Hello
I have joined here to try and get some advice please.
My partners parents live in the county next to us - about 50 miles away.
His Dad is 86 and his Mum is 88. His Mum has dementia and his Dad is her carer.
My partner and his brother have arranged for carers to go in regularly - which they do - but his parents refuse any significant help from them such as letting them give medication or cooking meals.
His Dad is at his wits end caring for his Mum, but refuses any sort of help that might make things easier for him. It is obvious he is finding it harder and harder to care for her - but as soon as the carers offer more help he goes into a rage and is verbally abusive.
As soon as anything goes slightly wrong he is on the phone to my partner several times a day. He sometimes agrees to allowing some help, but as soon as it is put in place he refuses it again and is abusive verbally. Sometimes even ordering the carers to leave.
There are many examples - but the latest is this
My partners Mum has horrendous stomach infection (I will spare you the details - but lets just say she doesn’t make it to the toilet). She was admitted to hospital but released the next day. It continued and the Dad now has it too. They have carers go in twice a day, so my partner felt he had no choice but to go there and look after them. You wouldn’t (actually many of you are in the same boat - so you would) believe the mess he walked into in the bathroom and the state of his parents.
While he was there yesterday they spoke to the carers and agreed that they could cook lunchtime meals. (Our fear is that his Dad isn’t cooking the food properly or it may be out of date etc).
This morning his Dad is slightly better and when the carer suggested cooking lunch - he went off on one. My partner has tried explaining to his Dad that we all want them to have as much independence as possible still, and for the to continue he needs to accept the care from the carers that come into their home.
If the carers help is refused it could come to a time when their report shows that his Dad can no longer look after his wife and himself properly and that could lead to them going to a care home. My partner says that’s the last thing any of us want.
His brother lives abroad so although he sorts a few things by phone, he really has no idea of the reality of the situation. His suggestion is to just let them get on with it as we can’t force them to accept care.
That bit is true - but it’s not him who gets several phone calls a day with details of his Mums bowl movements and worse.
My partner is self-employed and so has the “luxury” of being flexible with time - but it isn’t a luxury as it means he is isn’t working and it effects his business by him having to keep going down there.
He loves his parents desperately and absolutely wants to do the right thing - but he is now at his wits end as we just don’t know what to do. I can’t go and support him there as I have a young son I have to be home for outside of school hours.
He has tried talking to his Dad so many times, in so many different ways.
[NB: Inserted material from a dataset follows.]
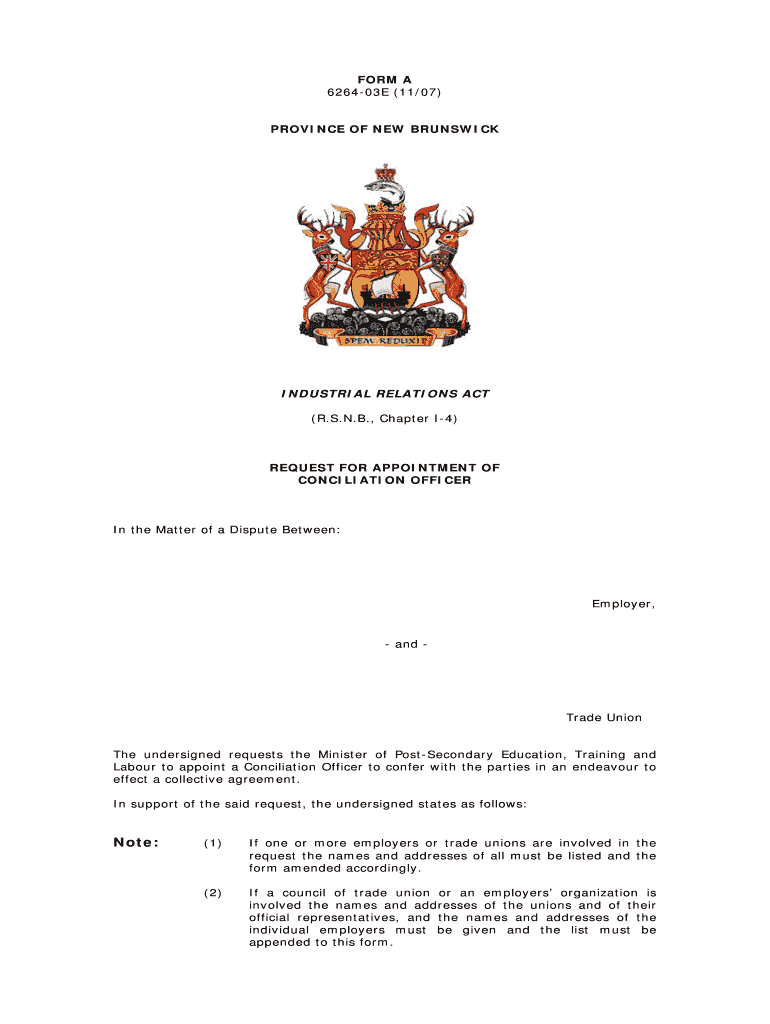 Reset FORM A 626403E (11/07) PROVINCE OF NEW BRUNSWICK INDUSTRIAL RELATIONS ACT (R.S.N.B., Chapter I4) REQUEST FOR APPOINTMENT OF CONCILIATION OFFICER In the Matter of a Dispute Between: Employer,

His Dad is very canny and either ends up accepting the ideas (and then undoes them again the next day), or lies and says they are doing certain things when they are not.
For example - his Dad was giving them each their medication all in one go in the mornings - and swears the doctor told him he could do it. They were given dosset boxes but his Dad didn’t like them so threw them away. As things stand today - the carers are now giving them their medication - but that could change tomorrow.
I am just after some advice of what my partner can do please. Someone suggested he get some help to support him in this - but the only help he needs is what to do with his parents who won’t accept help.
On a daily basis when they are not suffering from infections - he does enjoy some independence of pottering around the garden or round the house - but he can’t even go to the toilet without his wife (my partners Mum) wanting to know where he is. He is worn out and wants to continue to do what he promised to do - to look after her in sickness and in health til death they do part. It’s heartbreaking as we absolutely get why he is like it - but he is refusing to help himself by accepting some help so that he continue with the last bits of independence he has.
My partner can’t keep on taking days at a time off work - while his brother sits in early retirement luxury abroad.
My partner will prob be cross I’ve sent this message, but if the only way I can help him is getting some advice, then that is what I will do - I hate to see him so torn and upset by this
Can anyone offer any tangible advice please? Thank you so much.